Depuis quelque temps j'ai préconisé ceci: que la Diaspora laisse tomber les parlottes et se lance systématiquement dans une seule opération, pas deux: donner jarrettes à chacune de nos 580 sections communales et c'est ce que j'ai appelé le "municipalisme". Le Municipalisme n'est pas mon mouvement. Il part d'une constatation banale: toutes les nations prospères ont des microstructures fortes: c'est le cas des Etats-Unis, de la France, du Canada, et surtout de la Suisse, par exemple. Chez nous tout se passe dans la République de Port-au-Prince dont nous attendons toujours le salut. Il suffit qu'un chanteur populaire débarque à Port-au-Prince et soit acclamé dans un bidonville pour que nous entrions tous en transes. Tout le monde attend le Sauveur. Il a un nom: non pas le Christ, mais le Président. Pour sortir de cette frénésie il faut oublier tout le reste et établir une sorte de "PONT AERIEN" DIRECT SANS PASSER PAR LE GOUVERNEMENT entre chaque organisation et même chaque individu de la Diaspora avec chacune de nos 580 sections communales. Il n'est pas question d'être contre le Gouvernement mais d'agir PARALLELEMENT au Gouvernement. 

Dans les circonstances actuelles tous ceux qui écrivent vingt mille articles contre Préval et contre tous ceux qui tournent autour du Palais National, perdent royalement leur temps et leur argent ou plutôt celui de leurs commanditaires. Pour le moment la vraie victoire ne va pas se gagner au centre qui est verrouillé, cadenacé, mais à la périphérie dans les communes et dans les sections communales.

Rien ne va changer substantiellement ou significativement avec le prochain Président qui ne pourra pas faire beaucoup plus que l'actuel dans ce système qui, je n'arrête pas de le répéter, est verrouillé, cadenacé.  D'ailleurs les "Tuteurs" de ce système qui croient bien faire et croient consolider leurs propres intérêts se mettent eux-mêmes le doigt dans l'œil jusqu'au coude et se tirent tous les matins une rafale de mitraillette dans le pied.
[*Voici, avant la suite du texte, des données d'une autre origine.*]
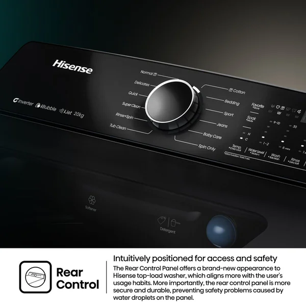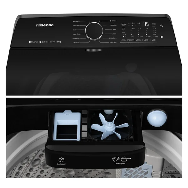 The Hisense Premium WT5i2023DB is a feature-rich 20kg top loader washing machine. Combining a powerful Direct Drive Inverter Motor with smart WiFi connectivity, it offers efficient cleaning, extensive program customization, and advanced care technologies for all fabric types.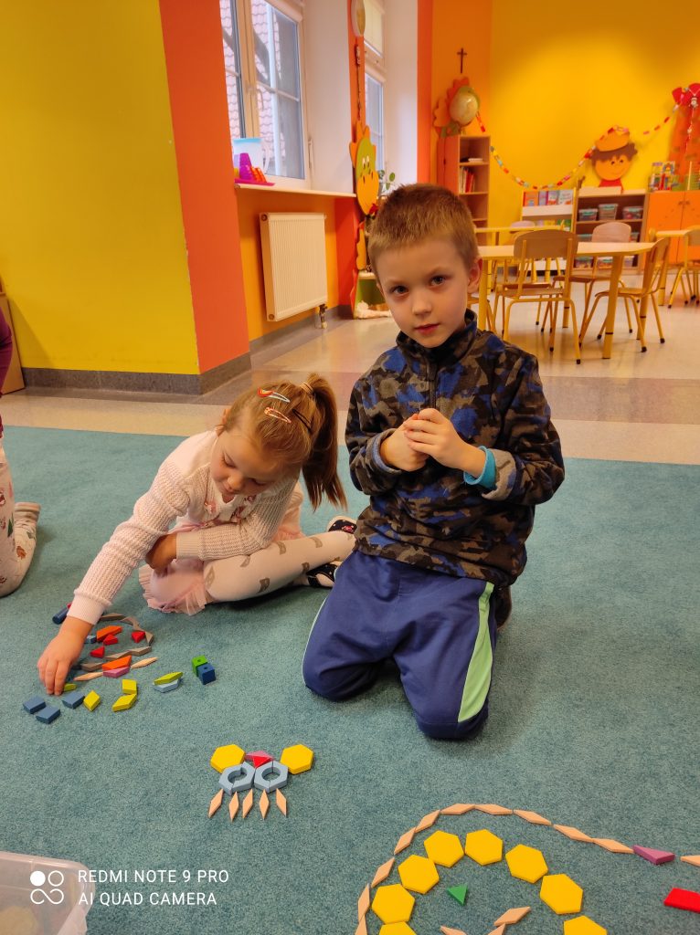 Rozwijanie kompetencji matematycznych poprzez zabawę to u nas codzienność. Przedszkolaki z grupy turkusowej poprzez zabawę utrwalają nazwy figur geometrycznych, ich kolory, wielkość oraz tworzenie zbiorów. Dzięki samodzielnemu doświadczaniu dzieci coraz lepiej radzą sobie podczas zajęć matematycznych.

Donc trêve de réunions.  Un seul objectif: DONNER JARETTES ET LE PLUS VITE POSSIBLE A CHACUNE DE NOS 580 SECTIONS COMMUNALES. Si nous le faisons tout de suite –et cela peut se faire de mille manières en utilisant notre imagination– dans six mois le pays change sans tirer un seul coup de fusil. Et Port-au-Prince (ou ce qui nous servira de Capitale) ne sera plus cette grosse tête omniprésente, plus nuisible qu'utile qu'il est aujourd'hui, mais une sorte d'ordinateur central qui régule sans les commander les activités nationales, comme une sorte de tour de contrôle dans un aéroport.  

Maintenant n'allez pas passer votre temps à tirer sur moi. Je ne suis  pas candidat à la Présidence, mais seulement à être un citoyen utile à son pays.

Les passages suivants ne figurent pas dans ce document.